Back to Graphql Ruby

Dataloader vs. GraphQL-Batch

guides/dataloader/adopting.md

2.6.14.1 KB
Original Source

{{ "GraphQL::Dataloader" | api_doc }} solves the same problem as GraphQL::Batch. There are a few major differences between the modules:

  • Concurrency Primitive: GraphQL-Batch uses Promises from promise.rb; GraphQL::Dataloader uses Ruby's Fiber API. These primitives dictate how batch loading code is written (see below for comparisons).
  • Maturity: Frankly, GraphQL-Batch is about as old as GraphQL-Ruby, and it's been in production at Shopify, GitHub, and others for many years.
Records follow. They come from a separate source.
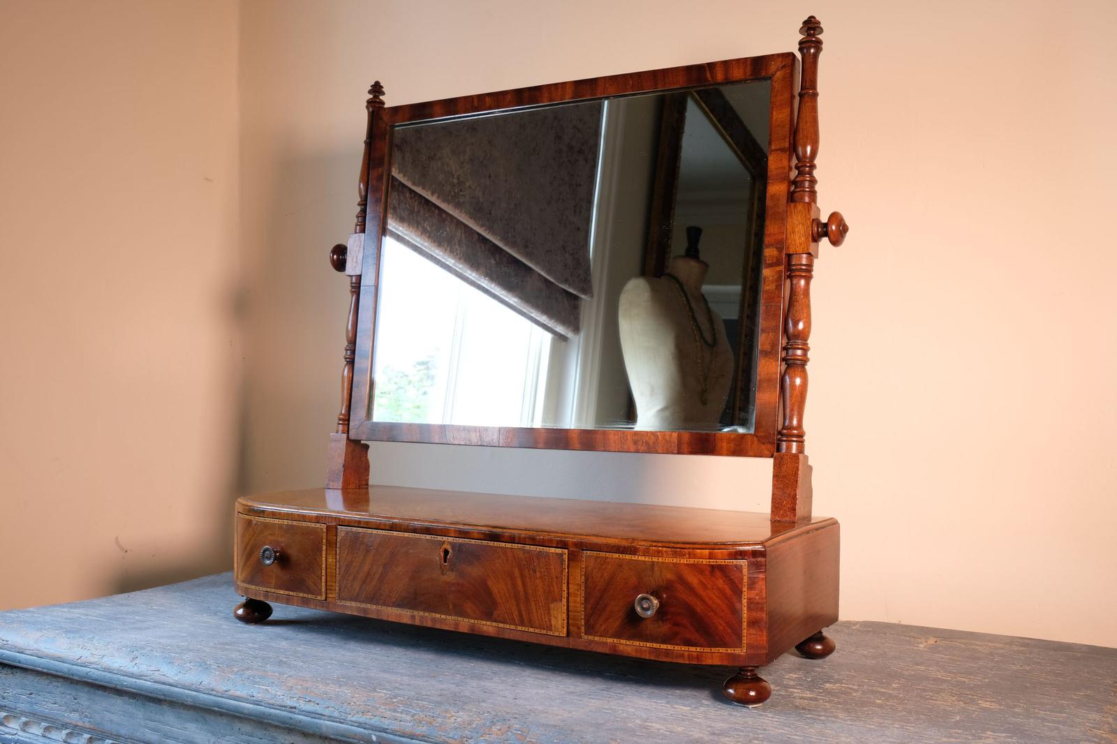 19th Century Mahogany Dressing Table Mirror with Three Drawers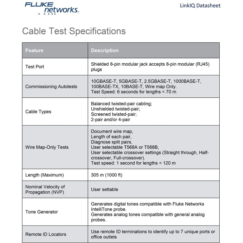 - Verifies cable performance up to 10 Gb/s (10GBASE-T)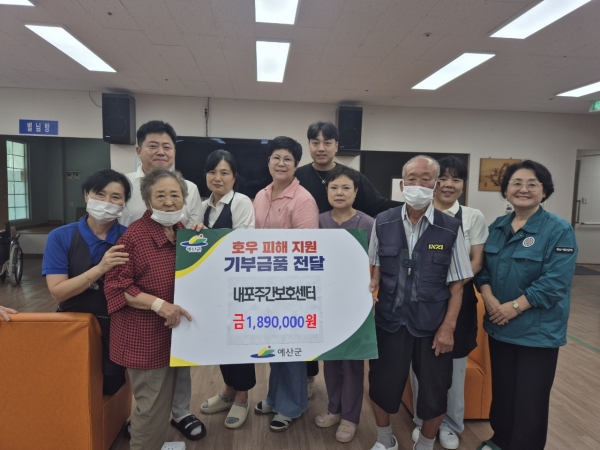 [충청25시] 예산군 내포주간보호센터는 지난 13일 최근 집중호우로 피해를 입은 이재민들을 돕기 위해 성금 189만원을 기탁했다고 밝혔다.
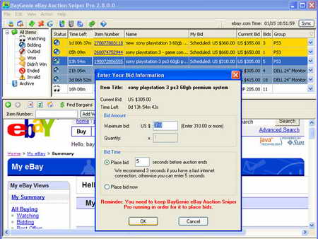 在拍賣結束之前多久出價,剩下的就是去放鬆或作別的事。 BayGenie 會自動為你出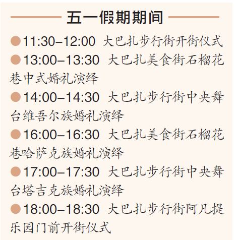 新疆网讯(全媒体记者王丽娜 迪丽阿拉木·艾力木拉提)人生四大喜事:久旱逢甘露、他乡遇故知、洞房花烛夜、金榜题名时。在这个五一假期,作为乌鲁木齐市的特色文旅活动之一,大巴扎步行街上的甜蜜喜事,引起了大家的情感共鸣。
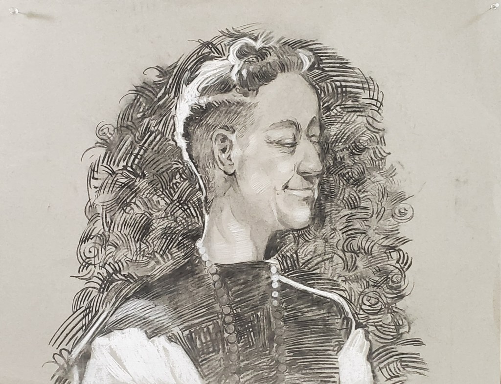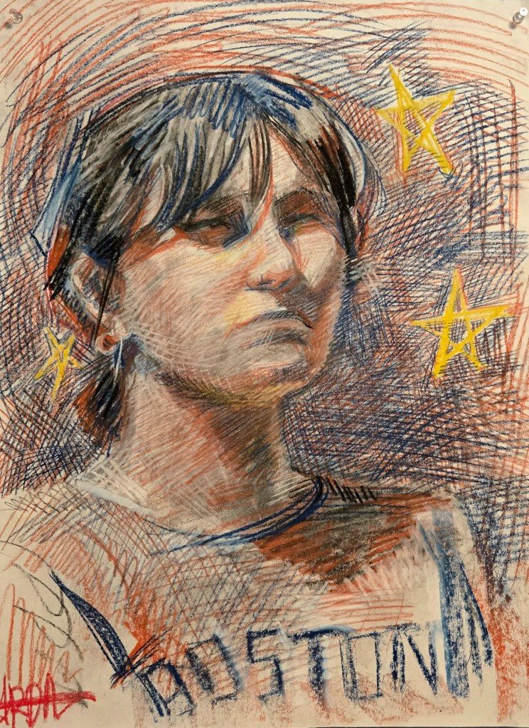 “You’re at the Party,” Pastel on paper, 2024“Jamie,” Ink on paper, 2023“One Sided Conversation,” 24×30” Oil on canvas, 2024-25“Not Patriotic,” Pastel on paper, 2024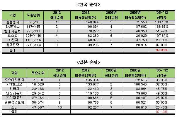한국의 1위 기업인 삼성전자는 매출이 2005년 715억달러(한화 약 78조7천억원)에서 2012년 1천489억달러(한화 약 163조8천억원)로 7년간 성장률이 108.1%에 달했다. 매출이 대략 2배가 된 셈이다.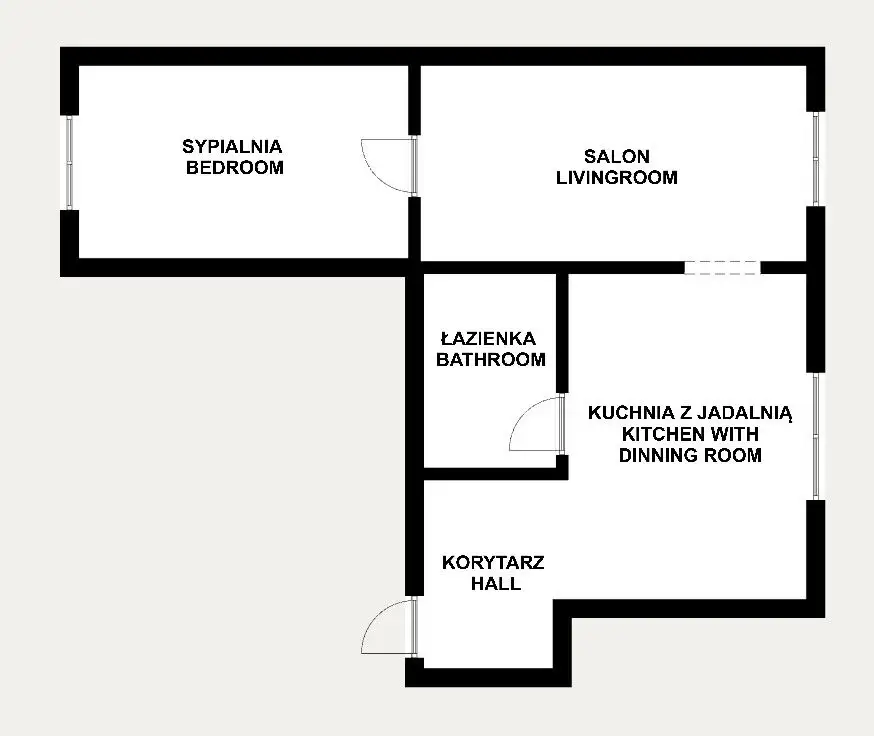 Pokoje: Przedsionek, jadalnia z aneksem kuchennym, salon, sypialnia , łazienka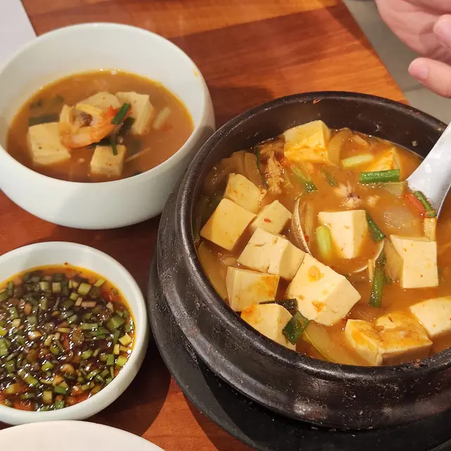 海鮮大醬湯:以豐富的海鮮為基底,湯汁濃郁,味道鮮美。大醬的濃厚風味與海鮮的鮮甜相互融合,讓人感受到韓國料理的獨特魅力。湯中還加入了豆腐和各種蔬菜,口感豐富!❤️❤️❤️

GraphQL::Dataloader is new, and although Ruby has supported Fibers since 1.9, they still aren't widely used.
  • Scope: It's not currently possible to use GraphQL::Dataloader outside GraphQL.

The incentive in writing GraphQL::Dataloader was to leverage Fiber's ability to transparently pause and resume work, which removes the need for Promises (and removes the resulting complexity in the code). Additionally, GraphQL::Dataloader should eventually support Ruby 3.0's Fiber.scheduler API, which runs I/O in the background by default.

Comparison: Fetching a single object

In this example, a single object is batch-loaded to satisfy a GraphQL field.

  • With GraphQL-Batch, you call a loader, which returns a Promise:

    ruby
    record_promise = Loaders::Record.load(1)
    

    Then, under the hood, GraphQL-Ruby manages the promise (using its lazy_resolve feature, upstreamed from GraphQL-Batch many years ago). GraphQL-Ruby will call .sync on it when no further execution is possible; promise.rb implements Promise#sync to execute the pending work.

  • With GraphQL::Dataloader, you get a source, then call .load on it, which may pause the current Fiber, but it returns the requested object.

    ruby
    dataloader.with(Sources::Record).load(1)
    

    Since the requested object is (eventually) returned from .load, Nothing else is required.

Comparison: Fetching objects in sequence (dependent)

In this example, one object is loaded, then another object is loaded based on the first one.

  • With GraphQL-Batch, .then { ... } is used to join dependent code blocks:

    ruby
    Loaders::Record.load(1).then do |record|
      Loaders::OtherRecord.load(record.other_record_id)
    end
    

    That call returns a Promise, which is stored by GraphQL-Ruby, and finally .synced.

  • With GraphQL-Dataloader, .load(...) returns the requested object (after a potential Fiber pause), so no other method calls are necessary:

    ruby
    record = dataloader.with(Sources::Record).load(1)
    dataloader.with(Sources::OtherRecord).load(record.other_record_id)
    

Comparison: Fetching objects concurrently (independent)

Sometimes, you need multiple independent records to perform a calculation. Each record is loaded, then they're combined in some bit of work.

  • With GraphQL-Batch, Promise.all(...) is used to to wait for several pending loads:

    ruby
    promise_1 = Loaders::Record.load(1)
    promise_2 = Loaders::OtherRecord.load(2)
    Promise.all([promise_1, promise_2]).then do |record, other_record|
      do_something(record, other_record)
    end
    

    If the objects are loaded from the same loader, then .load_many also works:

    ruby
    Loaders::Record.load_many([1, 2]).then do |record, other_record|
      do_something(record, other_record)
    end
    
  • With GraphQL::Dataloader, each request is registered with .request(...) (which never pauses the Fiber), then data is loaded with .load (which will pause the Fiber as needed):

    ruby
    # first, make some requests
    request_1 = dataloader.with(Sources::Record).request(1)
    request_2 = dataloader.with(Sources::OtherRecord).request(2)
    # then, load the objects and do something
    record = request_1.load
    other_record = request_2.load
    do_something(record, other_record)
    

    If the objects come from the same Source, then .load_all will return the objects directly:

    ruby
    record, other_record = dataloader.with(Sources::Record).load_all([1, 2])
    do_something(record, other_record)